Your task: From the listing that follows, reproduce only the lines from the one holding "熊本には「いきなり団子」とい" through the one holding "工藝流程:地下水-原水箱-原", both included, with no pictures.

Extracted data:
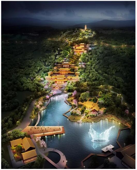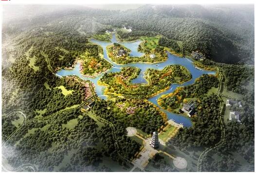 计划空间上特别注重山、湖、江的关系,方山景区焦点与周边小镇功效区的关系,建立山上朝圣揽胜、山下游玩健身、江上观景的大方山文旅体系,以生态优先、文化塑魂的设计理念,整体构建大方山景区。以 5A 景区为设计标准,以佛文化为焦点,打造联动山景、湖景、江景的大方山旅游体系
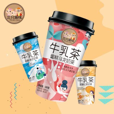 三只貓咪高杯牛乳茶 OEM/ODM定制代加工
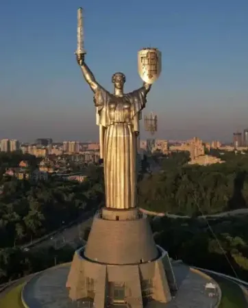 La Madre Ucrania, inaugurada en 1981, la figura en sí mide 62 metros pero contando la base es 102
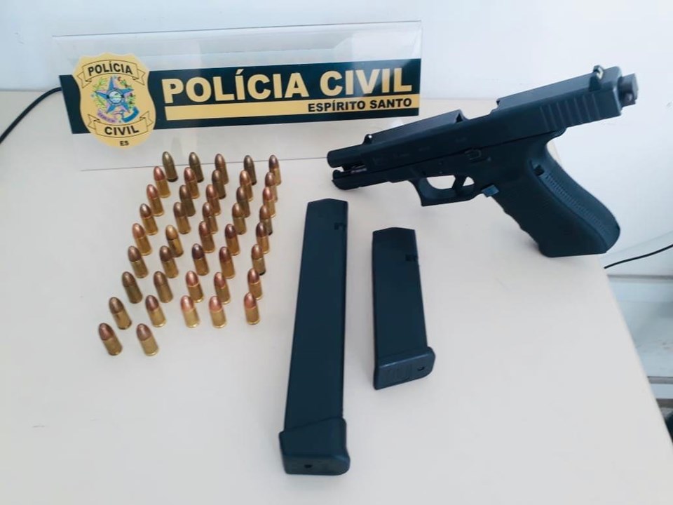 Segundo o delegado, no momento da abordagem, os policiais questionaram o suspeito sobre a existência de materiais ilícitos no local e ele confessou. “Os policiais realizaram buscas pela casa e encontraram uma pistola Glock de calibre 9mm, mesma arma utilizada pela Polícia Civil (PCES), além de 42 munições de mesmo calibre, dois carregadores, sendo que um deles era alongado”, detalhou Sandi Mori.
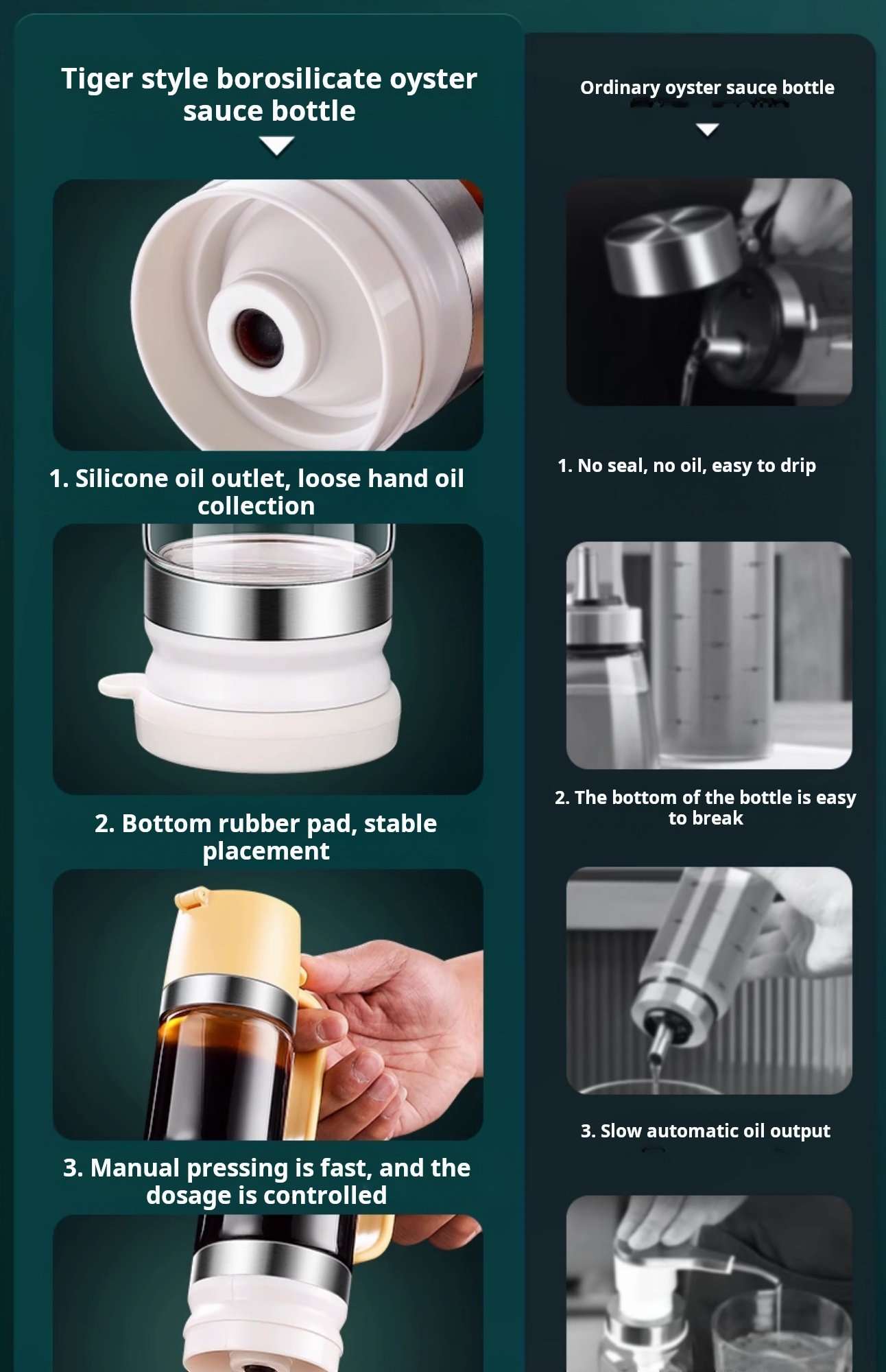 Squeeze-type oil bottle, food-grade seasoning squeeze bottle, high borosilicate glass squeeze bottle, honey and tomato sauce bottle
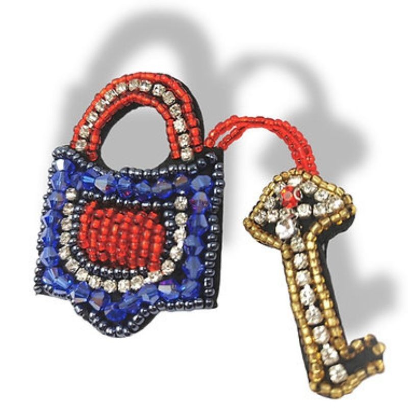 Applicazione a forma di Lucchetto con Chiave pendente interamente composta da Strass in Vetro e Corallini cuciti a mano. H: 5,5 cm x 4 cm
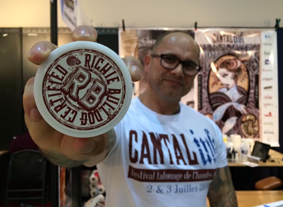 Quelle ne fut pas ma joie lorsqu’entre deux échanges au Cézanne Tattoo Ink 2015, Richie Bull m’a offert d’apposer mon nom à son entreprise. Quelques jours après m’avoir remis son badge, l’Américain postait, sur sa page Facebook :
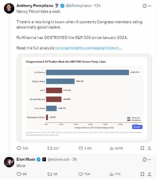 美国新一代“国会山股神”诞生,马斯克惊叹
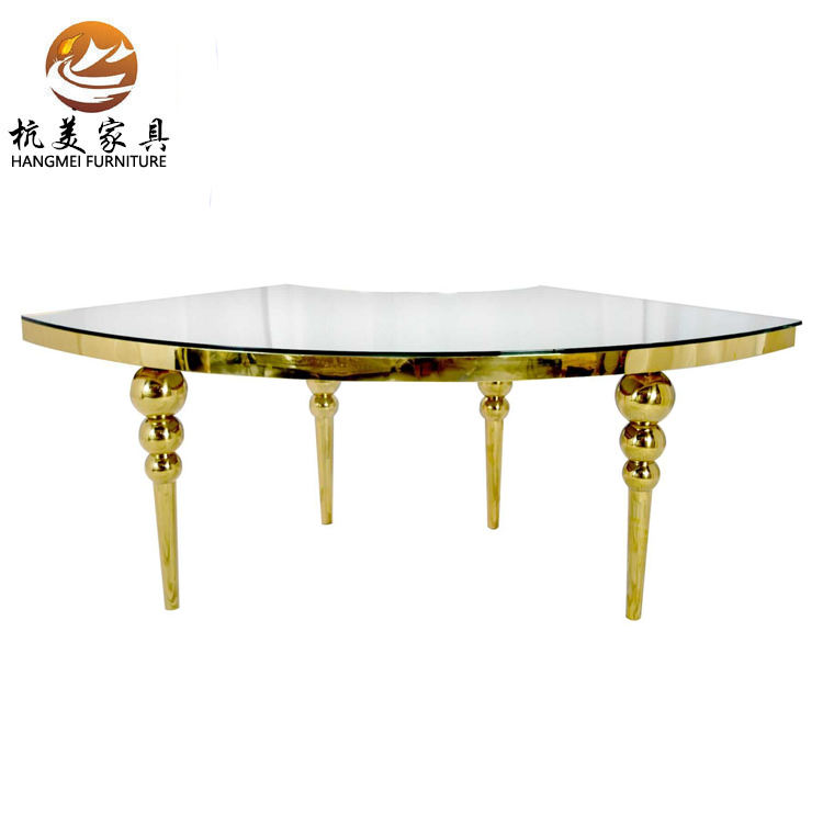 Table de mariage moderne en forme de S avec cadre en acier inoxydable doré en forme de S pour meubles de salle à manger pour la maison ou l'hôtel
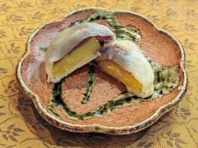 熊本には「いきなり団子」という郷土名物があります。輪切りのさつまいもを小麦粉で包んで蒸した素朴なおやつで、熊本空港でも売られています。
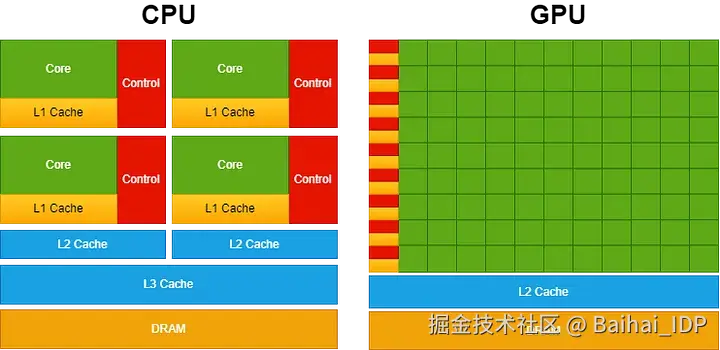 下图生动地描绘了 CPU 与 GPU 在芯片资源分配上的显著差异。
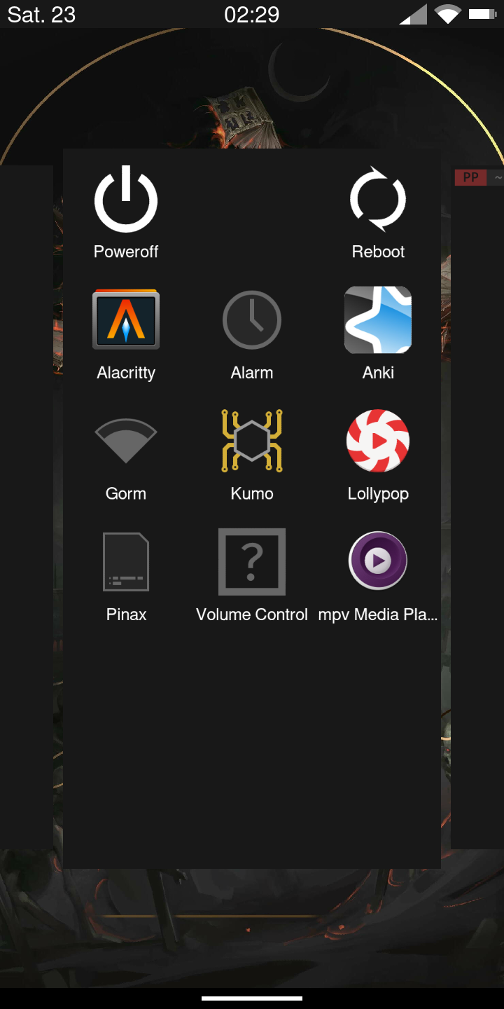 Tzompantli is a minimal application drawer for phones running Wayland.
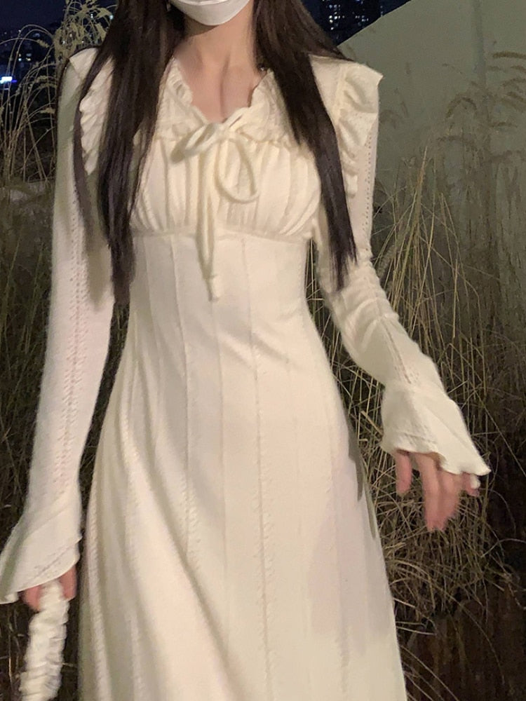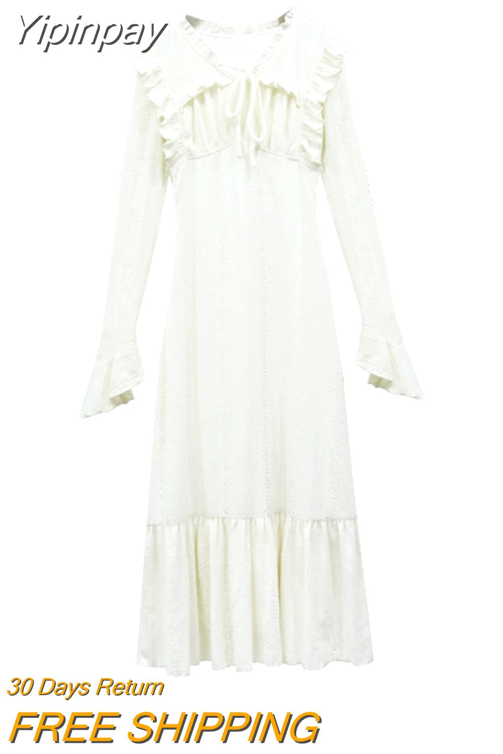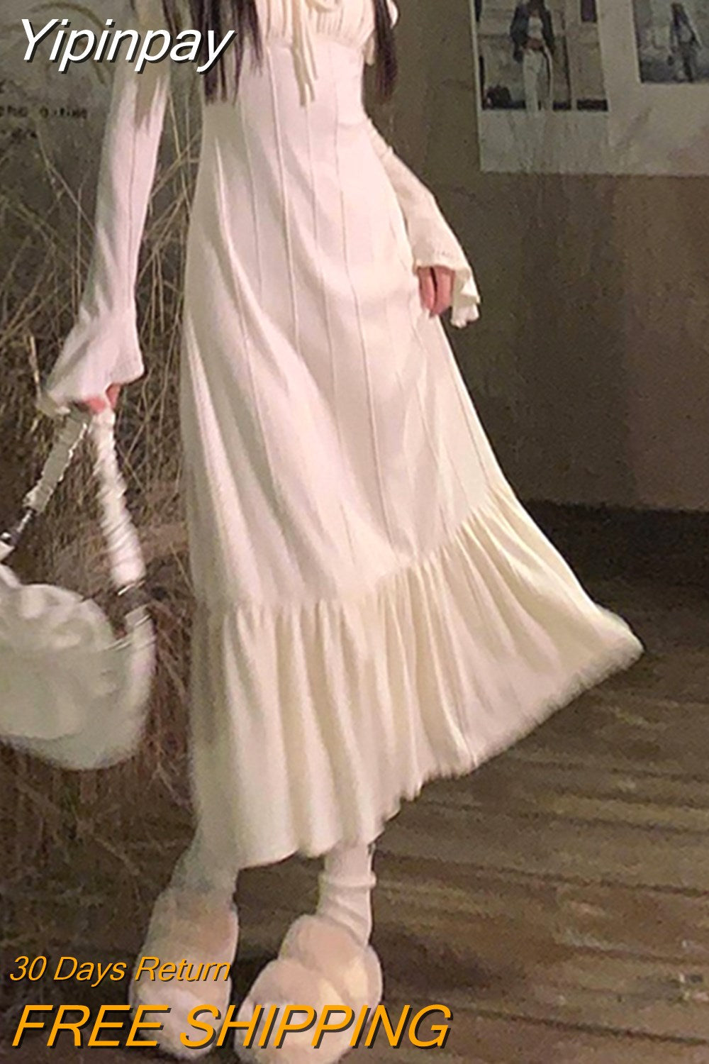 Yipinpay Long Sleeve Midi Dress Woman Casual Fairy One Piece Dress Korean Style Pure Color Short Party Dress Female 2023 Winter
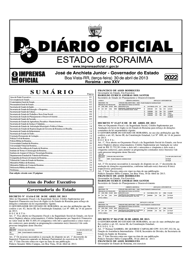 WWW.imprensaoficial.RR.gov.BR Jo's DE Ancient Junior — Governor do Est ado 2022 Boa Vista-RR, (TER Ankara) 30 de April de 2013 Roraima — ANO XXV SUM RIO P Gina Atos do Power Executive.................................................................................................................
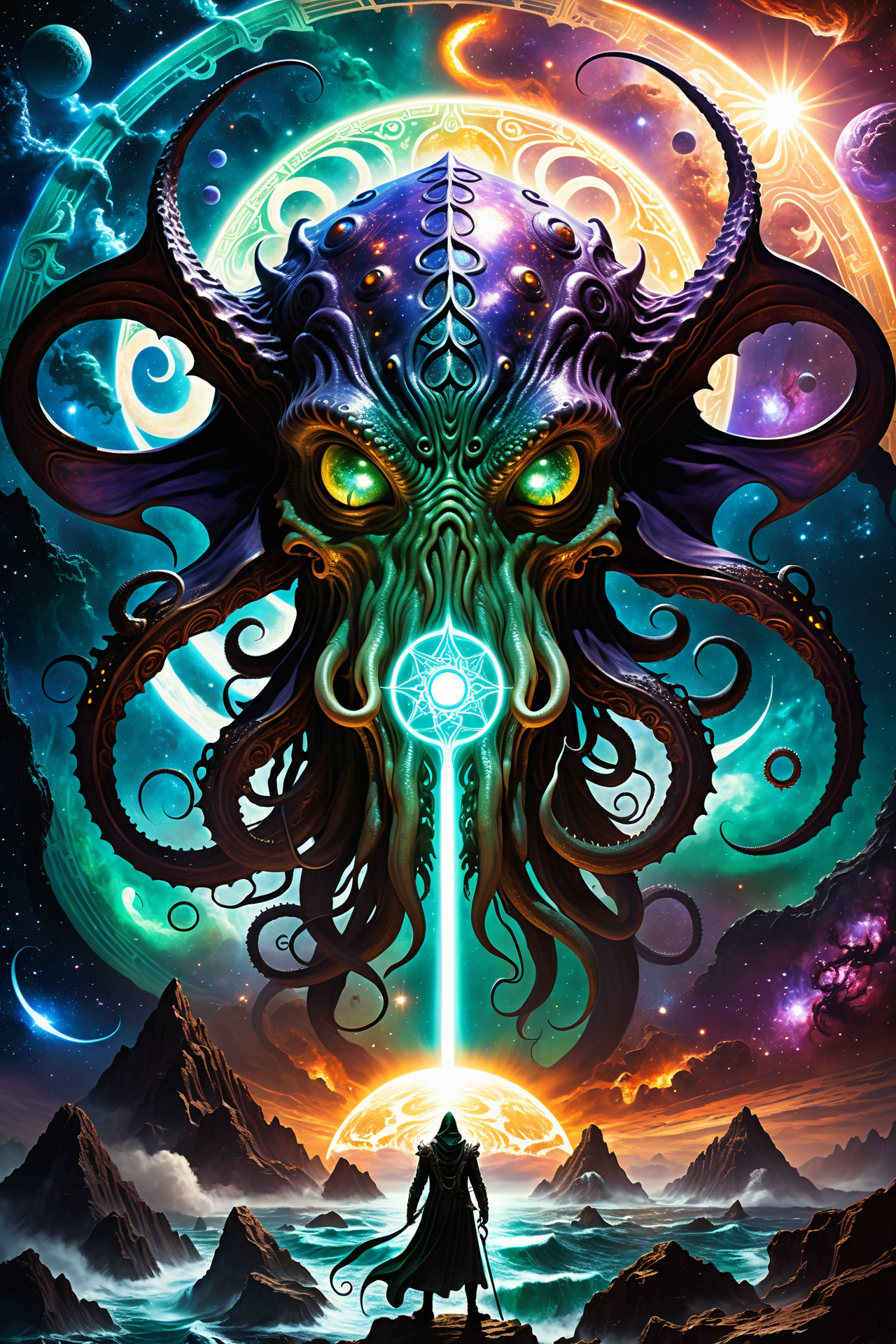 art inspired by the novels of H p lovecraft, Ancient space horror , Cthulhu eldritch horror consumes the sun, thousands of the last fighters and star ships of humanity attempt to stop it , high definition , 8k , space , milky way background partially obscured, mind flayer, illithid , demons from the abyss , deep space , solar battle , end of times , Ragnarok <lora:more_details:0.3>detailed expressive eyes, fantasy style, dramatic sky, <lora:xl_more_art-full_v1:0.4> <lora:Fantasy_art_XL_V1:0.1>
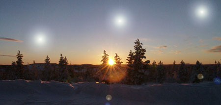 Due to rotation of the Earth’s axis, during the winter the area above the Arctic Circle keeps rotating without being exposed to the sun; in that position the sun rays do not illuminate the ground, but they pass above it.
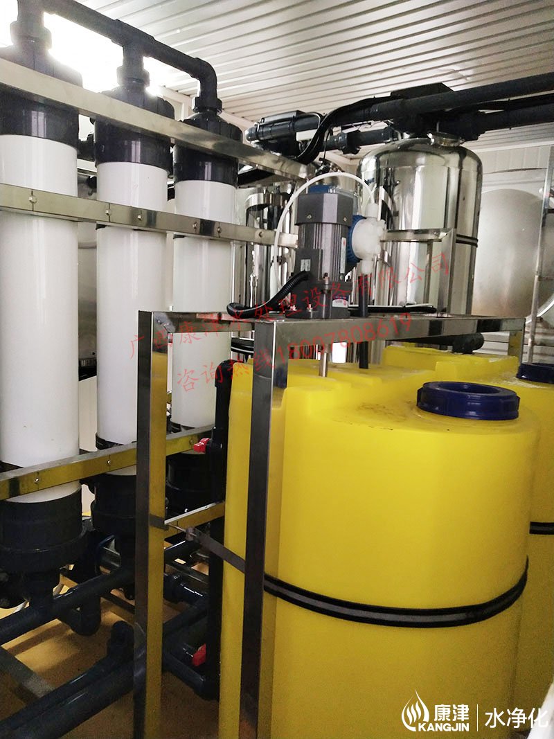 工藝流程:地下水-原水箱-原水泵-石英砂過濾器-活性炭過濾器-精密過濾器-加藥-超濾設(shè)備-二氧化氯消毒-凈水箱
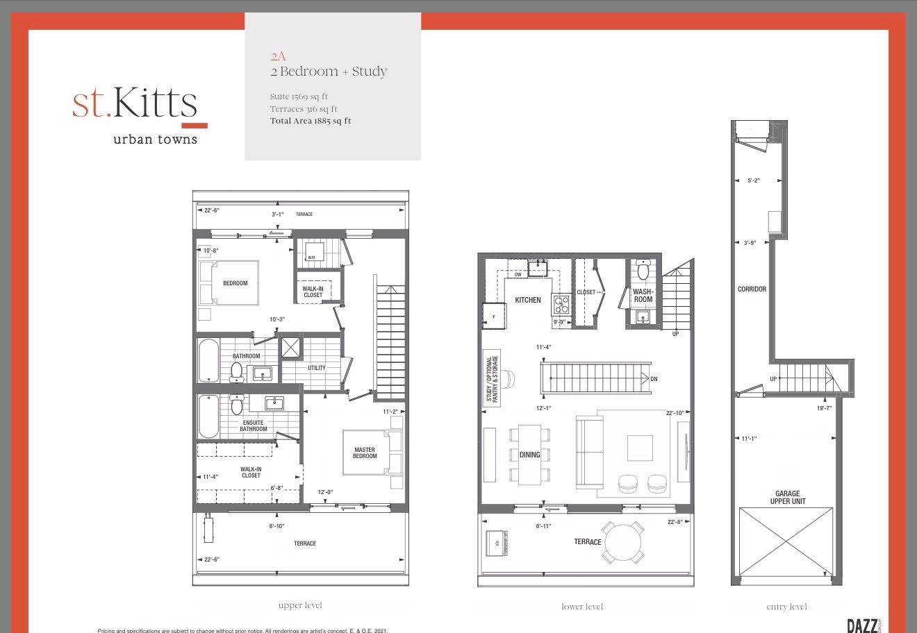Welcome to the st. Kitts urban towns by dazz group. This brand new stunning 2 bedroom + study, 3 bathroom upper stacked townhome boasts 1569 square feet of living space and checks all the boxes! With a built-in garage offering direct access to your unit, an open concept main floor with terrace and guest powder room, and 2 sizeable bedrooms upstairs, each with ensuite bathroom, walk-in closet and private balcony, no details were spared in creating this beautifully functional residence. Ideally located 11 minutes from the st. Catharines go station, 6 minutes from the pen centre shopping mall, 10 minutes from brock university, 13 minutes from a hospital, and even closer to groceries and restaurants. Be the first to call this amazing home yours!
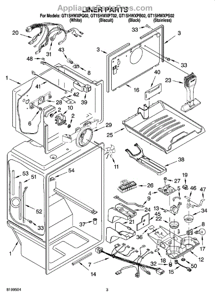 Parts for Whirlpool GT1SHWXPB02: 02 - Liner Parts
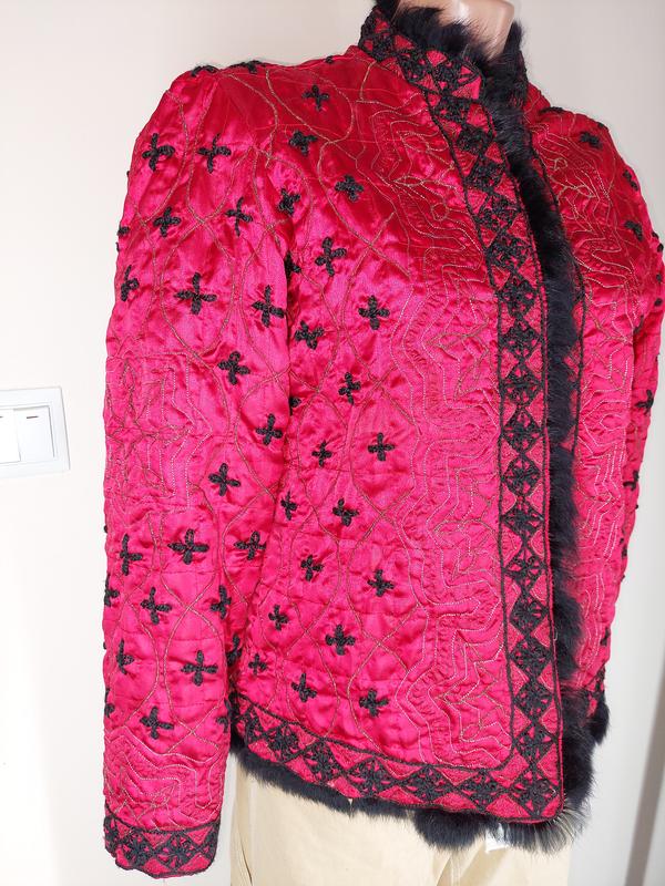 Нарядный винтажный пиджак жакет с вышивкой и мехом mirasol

Exercise output:
 熊本には「いきなり団子」という郷土名物があります。輪切りのさつまいもを小麦粉で包んで蒸した素朴なおやつで、熊本空港でも売られています。
 下图生动地描绘了 CPU 与 GPU 在芯片资源分配上的显著差异。
 Tzompantli is a minimal application drawer for phones running Wayland.
 Yipinpay Long Sleeve Midi Dress Woman Casual Fairy One Piece Dress Korean Style Pure Color Short Party Dress Female 2023 Winter
 WWW.imprensaoficial.RR.gov.BR Jo's DE Ancient Junior — Governor do Est ado 2022 Boa Vista-RR, (TER Ankara) 30 de April de 2013 Roraima — ANO XXV SUM RIO P Gina Atos do Power Executive.................................................................................................................
 art inspired by the novels of H p lovecraft, Ancient space horror , Cthulhu eldritch horror consumes the sun, thousands of the last fighters and star ships of humanity attempt to stop it , high definition , 8k , space , milky way background partially obscured, mind flayer, illithid , demons from the abyss , deep space , solar battle , end of times , Ragnarok <lora:more_details:0.3>detailed expressive eyes, fantasy style, dramatic sky, <lora:xl_more_art-full_v1:0.4> <lora:Fantasy_art_XL_V1:0.1>
 Due to rotation of the Earth’s axis, during the winter the area above the Arctic Circle keeps rotating without being exposed to the sun; in that position the sun rays do not illuminate the ground, but they pass above it.
 工藝流程:地下水-原水箱-原水泵-石英砂過濾器-活性炭過濾器-精密過濾器-加藥-超濾設(shè)備-二氧化氯消毒-凈水箱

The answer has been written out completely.